The Benefits of Pure Functions

When asked, “What are the advantages of writing in a language without side effects?,” Simon Peyton Jones, co-creator of Haskell, replied, “You only have to reason about values and not about state. If you give a function the same input, it’ll give you the same output, every time. This has implications for reasoning, for compiling, for parallelism.”

From the book, Masterminds of Programming

The goal of this lesson is simple: to list and explain the benefits of writing pure functions.

Benefits of pure functions

My favorite benefits of pure functions are:

They’re easier to reason about
They’re easier to combine
They’re easier to test
They’re easier to debug
They’re easier to parallelize

Functional programming developers talk about other benefits of writing pure functions. For instance, Venkat Subramaniam adds these benefits:

They are idempotent
They offer referential transparency
They are memoizable
They can be lazy

In this lesson I’ll examine each of these benefits.

Pure functions are easier to reason about

Pure functions are easier to reason about than impure functions, and I cover this in detail in the lesson, “Pure Function Signatures Tell All.” The key point is that because a pure function has no side effects or hidden I/O, you can get a terrific idea of what it does just by looking at its signature.

Pure functions are easier to combine

Because “output depends only on input,” pure functions are easy to combine together into simple solutions. For example, you’ll often see FP code written as a chain of function calls, like this:

val x = doThis(a).thenThis(b)
                 .andThenThis(c)
                 .doThisToo(d)
                 .andFinallyThis(e)

This capability is referred to as functional composition.
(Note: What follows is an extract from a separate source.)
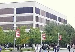 The Frank Melville Jr. Memorial Library is the main library at Stony Brook University's West Campus. It opened in 1963 and was soon expanded, more than quadrupling in size by 1971, when the building was dedicated to Frank Melville Jr., the father of Ward Melville.[13] It is located toward the eastern end of the Academic Mall and houses over two million volumes, ranging from government documents to music and film collections.[14] The building is six stories tall and the entire structure encompasses approximately 682,000 square feet of space. It is in use by over fifty different administrative and academic departments.[15] The Melville Library is also home to retail stores such as Shop Red West, a university bookstore, a Starbucks coffee shop, Amazon@Stony Brook (the first Amazon pickup location in the state of New York) and FedEx.

I’ll demonstrate more examples of it throughout this book.

As you’ll see in the “FP is Like Unix Pipelines” lesson, Unix pipelines work extremely well because most Unix commands are like pure functions: they read input and produce transformed output based only on the inputs and the algorithm you supply.

Pure functions are easier to test

As I showed in the “Benefits of Functional Programming” chapter, and the unit test in the previous lesson, pure functions are easier to test than impure functions. I expand on this in several other lessons in this book, including the lesson on property-based testing.

Pure functions are easier to debug

In the “Benefits of Functional Programming” chapter I wrote that on a large scale, FP applications are easier to debug. In the small scale, pure functions are also easier to debug than their impure counterparts. Because the output of a pure function depends only on the function’s input parameters and your algorithm, you don’t need to look outside the function’s scope to debug it.

Contrast that with having to debug the makeCookies function in the previous lesson. Because love is a hidden input, you have to look outside the function’s scope to determine what love’s state was at the time makeCookies was called, and how that state was set.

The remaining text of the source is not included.